• [TRY IT] Every entry is to be copied exactly as written, and the pictures are to be skipped.

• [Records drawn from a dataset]
· · · · ·

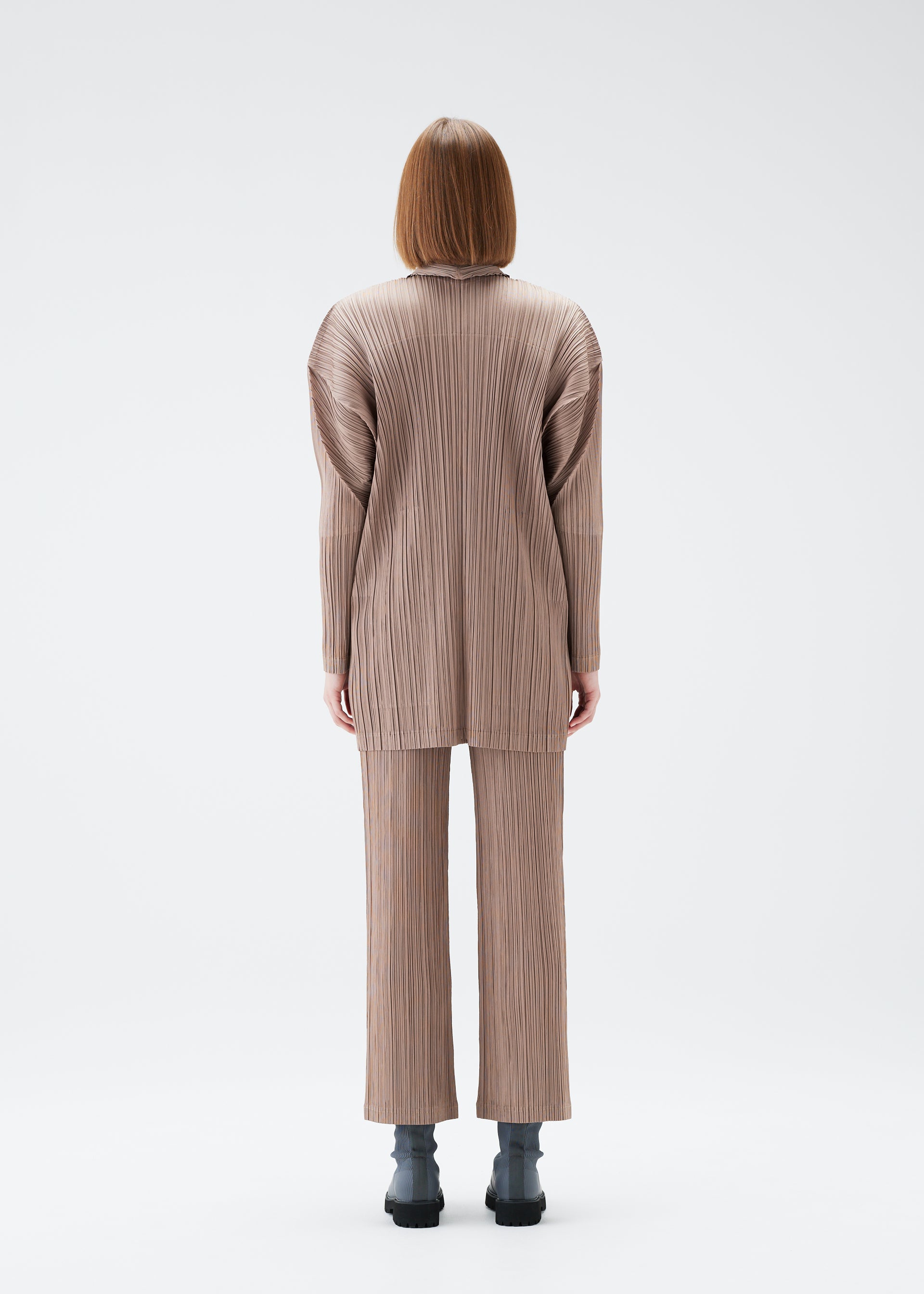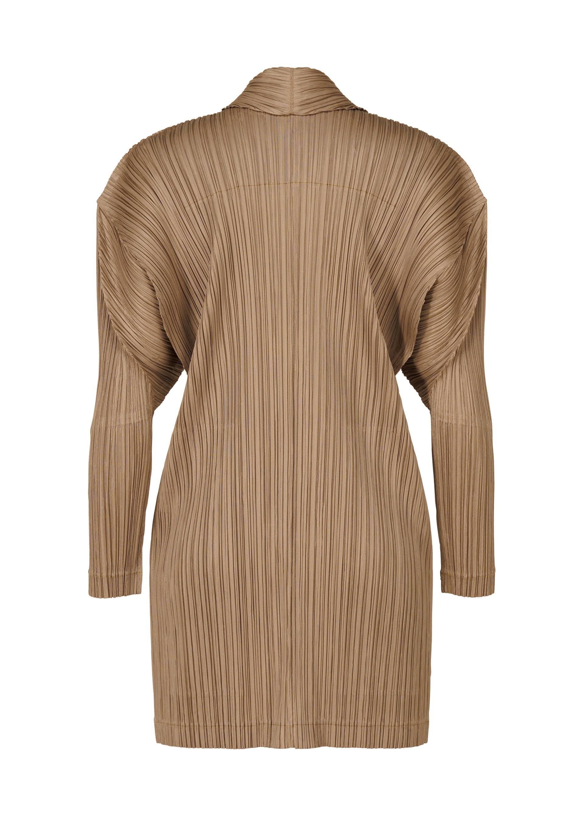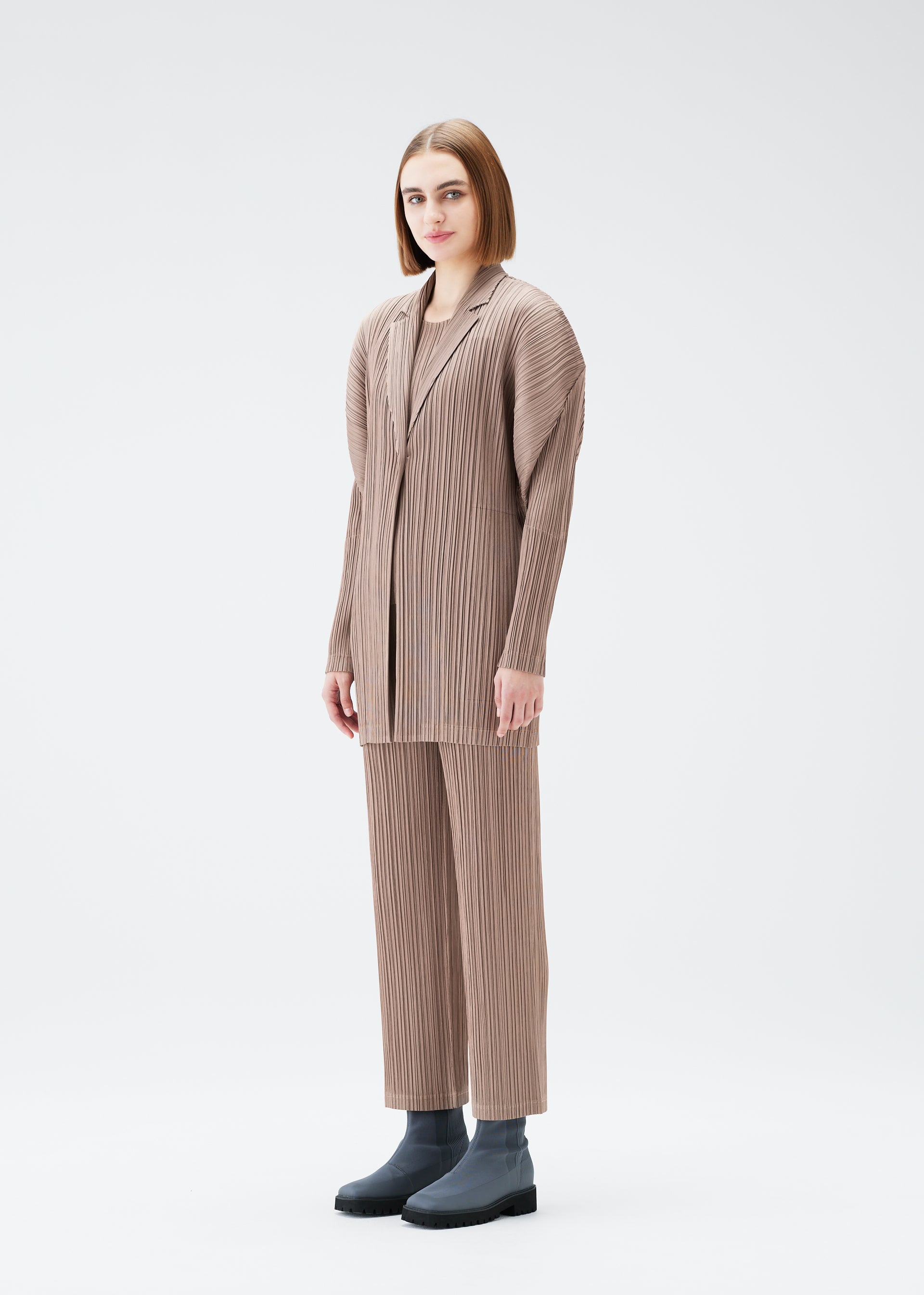 This pleated jacket has a straight fit, classic collar, one-button closure, and two side pockets.
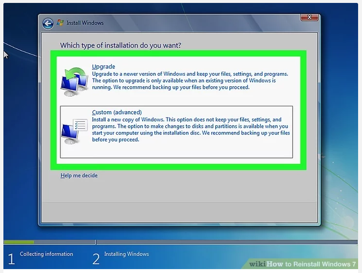 5、在引导过程之后,您将看到一个选择:升级或自定义安装。选择自定义安装选项,因为这是您将用硬盘驱动器进行重新安装的选项。
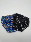 Two Baby Diaper Covers Dinosaur Outer Space 4T These two baby diaper covers are perfect for your little one! Featuring colorful and playful dinosaurs and prehistoric animals, they are made from high-quality polyester material. The covers are brand new and never been used, making them a great addition to your baby's diapering collection. With a size of 4T, these diaper covers are suitable for your growing baby and will provide comfort and protection. They are also versatile and can be used for both boys and girls. Don't miss out on the opportunity to add these adorable diaper covers to your baby's wardrobe.
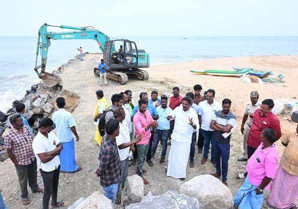 புதுச்சேரி அடுத்த பெரிய காலாப்பட்டு கடற்கரை பகுதியில் மணல் அரிப்பை கட்டுப்படுத்த கல்யாணசுந்தரம் எம்.எல்.ஏ., ஆய்வு செய்தார்.
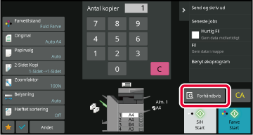 Tryk på tasten [Forhåndsvis] for at scanne originalen.

· · · · ·

• [EXERCISE RESPONSE]
 This pleated jacket has a straight fit, classic collar, one-button closure, and two side pockets.
 5、在引导过程之后,您将看到一个选择:升级或自定义安装。选择自定义安装选项,因为这是您将用硬盘驱动器进行重新安装的选项。
 Two Baby Diaper Covers Dinosaur Outer Space 4T These two baby diaper covers are perfect for your little one! Featuring colorful and playful dinosaurs and prehistoric animals, they are made from high-quality polyester material. The covers are brand new and never been used, making them a great addition to your baby's diapering collection. With a size of 4T, these diaper covers are suitable for your growing baby and will provide comfort and protection. They are also versatile and can be used for both boys and girls. Don't miss out on the opportunity to add these adorable diaper covers to your baby's wardrobe.
 புதுச்சேரி அடுத்த பெரிய காலாப்பட்டு கடற்கரை பகுதியில் மணல் அரிப்பை கட்டுப்படுத்த கல்யாணசுந்தரம் எம்.எல்.ஏ., ஆய்வு செய்தார்.
 Tryk på tasten [Forhåndsvis] for at scanne originalen.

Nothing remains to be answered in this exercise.